Customer knowledge started as being related to larger accounts in B2B markets, but is becoming more related to consumer-level data.

In B2B situations, customer knowledge databases are not just for data collection, but also need to be designed so that they can also send out key information to relevant parties, both automated and curated by analysts. So for instance, an account manager sees news about his or her customers.

In consumer markets, sharing customer knowledge is less about news going out, and more about providing customer-facing staff with key summary points and a history for the customers they contact.  In both B2B, and consumer markets, controlling access to private information also has to be built in.

If customer knowledge is to be really useful, it has to be seen to add value to people's day-to-day work. If it only captures information to a central data store without giving back useful insights, then use will quickly tail-off as the database disappears from view among the hundred and one other things on peoples' desks (the black hole problem).

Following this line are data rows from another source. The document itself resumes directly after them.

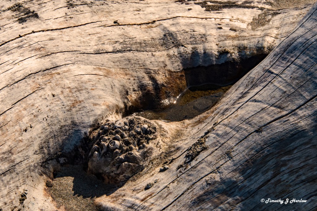 This is another closeup on an old log with some barnacles in it. For me it seems to work just about as well in black and white as it does in color. What do you think?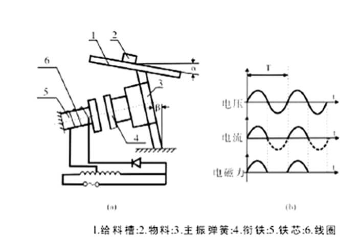 電磁振動給料機是一個較為完整的雙質點定向強迫振動的彈性系統, 整個系統工作在低臨界共振狀態,主要利用電磁激振器驅動槽體以一定的傾角做往復振動,使物料沿槽移動。為電磁振動給料機的工作原理。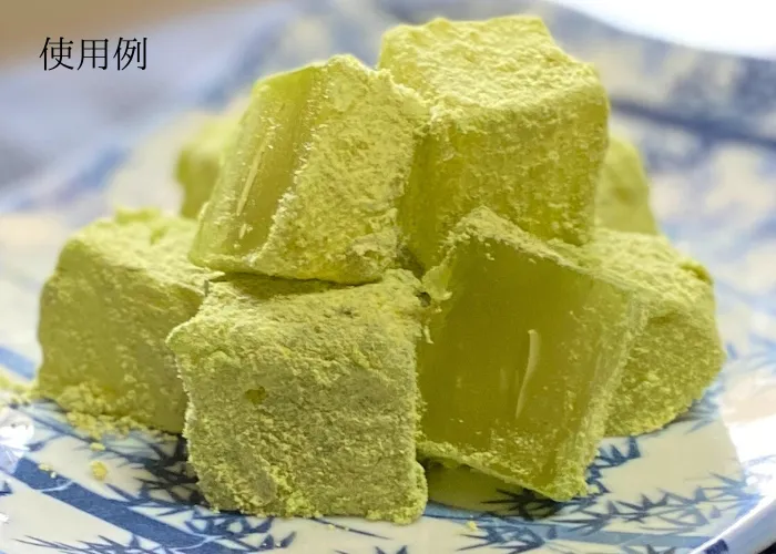うぐいす粉に風味豊かな抹茶を加えました。水分を含むと鮮やかになります。
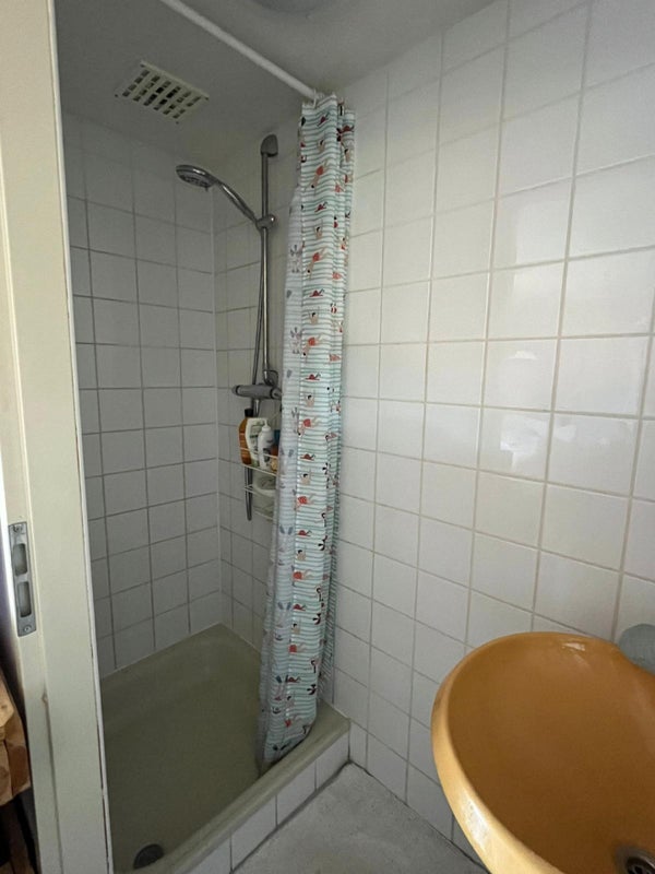 Deze studio heeft een eigen wastafel, douche en een apart toilet. De keuken deel je met de andere bewoners.

For instance if the customer service team reports minor dissatisfaction with a new product, if the data is not used to correct the problem, the service desk will be tempted to stop reporting the problem.

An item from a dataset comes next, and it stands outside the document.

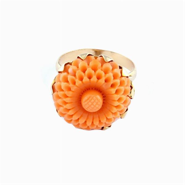 Anello in oro giallo 18kt e corallo mediterraneo

So in collecting and asking staff to share information about customers, it is extremely important that something is done with the data and seen to be done, so that people can see that it makes a difference for the business.

Consequently, a customer knowledge system has to include tools that package up and send out information to interested parties either in a news flash, for information marked as urgent, or in an electronic newsletter format where data is considered interesting but not urgent, or via quick to read dashboards of key information.

Typically each user will have a different range of customers and subjects that they are interested in, and different levels of security access to different pieces of information. The database therefore needs to match appropriate information to each user and send it out at the most appropriate time to the right people.

Where contacts are made, through which ever channel, that information needs to be available and visible to front-line staff. The customer will remember the conversations they had, and the chats they were involved with. The staff need to have this information at their fingertips, so the business feels personal and able to react to customer needs.

The need to reach to needs, and event-driven data can be taken a stage further to make communications with customers more systematic. Algorithmic marketing, where algorithms use and build on customer data, can be used to refine marketing messages and approaches and used to create a system that responds to customers at a more personalised level. This can include self-help chatbots, recommendations and suggestions, or reminders and suggestions dealt with and handled on an event-basis.

The most important part though, is that the customer data you collect is shared and acted upon.

In designing a customer knowledge system, any customer or competitor knowledge programme needs to include an outline of what will happen with data, what actions can be taken and to monitor to show that the data is delivering outcomes. Customer knowledge is not just a passive store of data.